[Saved entries]:
- - - -

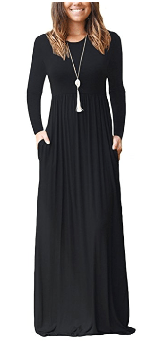 5 – I ended up buying this affordable long-sleeve maxi dress for the wedding I’m going to on Friday night! This is the same style as the short-sleeved striped dress I shared in the summer that you all loved so much! This one is floor length on me at 5’8″ (I feel like short sleeve version was about 3″ longer) and it fits great! I love that it has pockets and I can just as easily wear it to church or running errands by changing up the shoes and accessories! It comes in tons of colors and sleeve options as well!
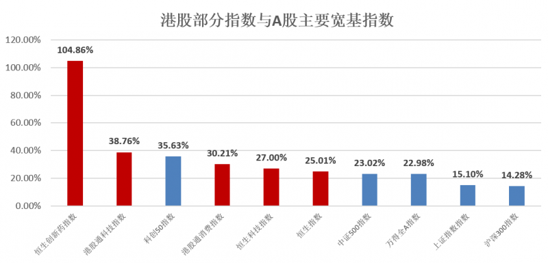 今年以來中國資產(chǎn)重估行情中,港股在新消費(fèi)、科技、創(chuàng)新藥等板塊的作用下整體漲幅更為可觀。
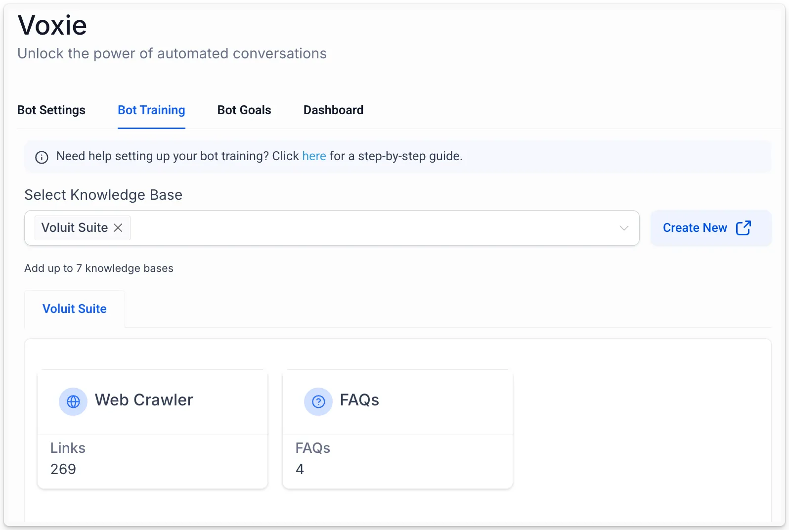 Er zijn 2 manieren om je bot te trainen in het gedeelte "Bot Training" van de Conversatie AI instellingenpagina in je accountinstellingen:
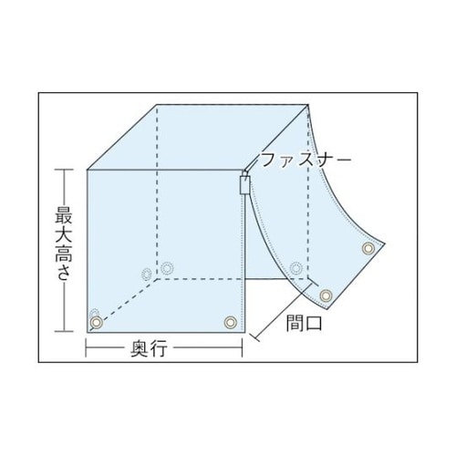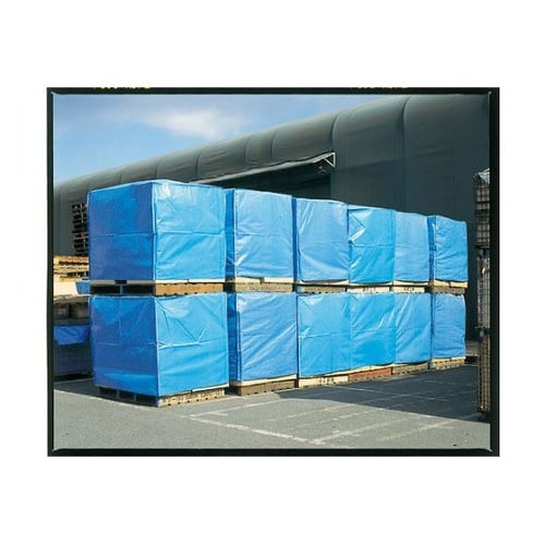 荷積したパレットをジャストサイズでカバーできます。開放面がファスナー付のため脱着が簡単です。焼却処理時、ダイオキシン類の発生が少ないシートです。雨天時の野外移動、出荷業務がスムーズにできます。 |
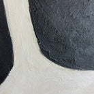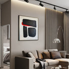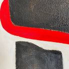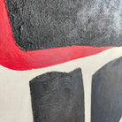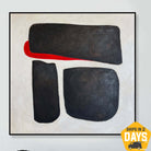 This minimalist painting features three bold, black shapes set against a stark white background, with a striking red accent peeking out from behind one of the forms. The simplicity of the geometric shapes and the limited color palette create a powerful visual impact, emphasizing the contrast between the elements. The composition's clean lines and strong colors give it a modern and abstract feel, making it a compelling piece for contemporary art lovers.
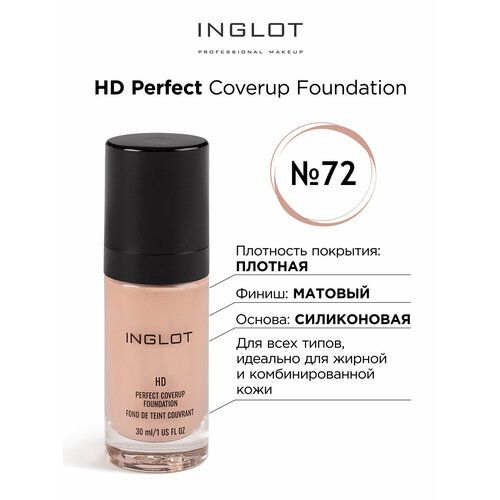 НАЙТИ ВЫГОДНЕЕ - Inglot Тональный крем Тональная основа HD Perfect Coverup Foundation, 30 мл/70 г, оттенок: 72 розоватый беж, холодный, 1 шт.

- - - -

[Try it]:
Every line above is to be written out unchanged, with the pictures omitted.

[Reply]:
 5 – I ended up buying this affordable long-sleeve maxi dress for the wedding I’m going to on Friday night! This is the same style as the short-sleeved striped dress I shared in the summer that you all loved so much! This one is floor length on me at 5’8″ (I feel like short sleeve version was about 3″ longer) and it fits great! I love that it has pockets and I can just as easily wear it to church or running errands by changing up the shoes and accessories! It comes in tons of colors and sleeve options as well!
 今年以來中國資產(chǎn)重估行情中,港股在新消費(fèi)、科技、創(chuàng)新藥等板塊的作用下整體漲幅更為可觀。
 Er zijn 2 manieren om je bot te trainen in het gedeelte "Bot Training" van de Conversatie AI instellingenpagina in je accountinstellingen:
 荷積したパレットをジャストサイズでカバーできます。開放面がファスナー付のため脱着が簡単です。焼却処理時、ダイオキシン類の発生が少ないシートです。雨天時の野外移動、出荷業務がスムーズにできます。 |
 This minimalist painting features three bold, black shapes set against a stark white background, with a striking red accent peeking out from behind one of the forms. The simplicity of the geometric shapes and the limited color palette create a powerful visual impact, emphasizing the contrast between the elements. The composition's clean lines and strong colors give it a modern and abstract feel, making it a compelling piece for contemporary art lovers.
 НАЙТИ ВЫГОДНЕЕ - Inglot Тональный крем Тональная основа HD Perfect Coverup Foundation, 30 мл/70 г, оттенок: 72 розоватый беж, холодный, 1 шт.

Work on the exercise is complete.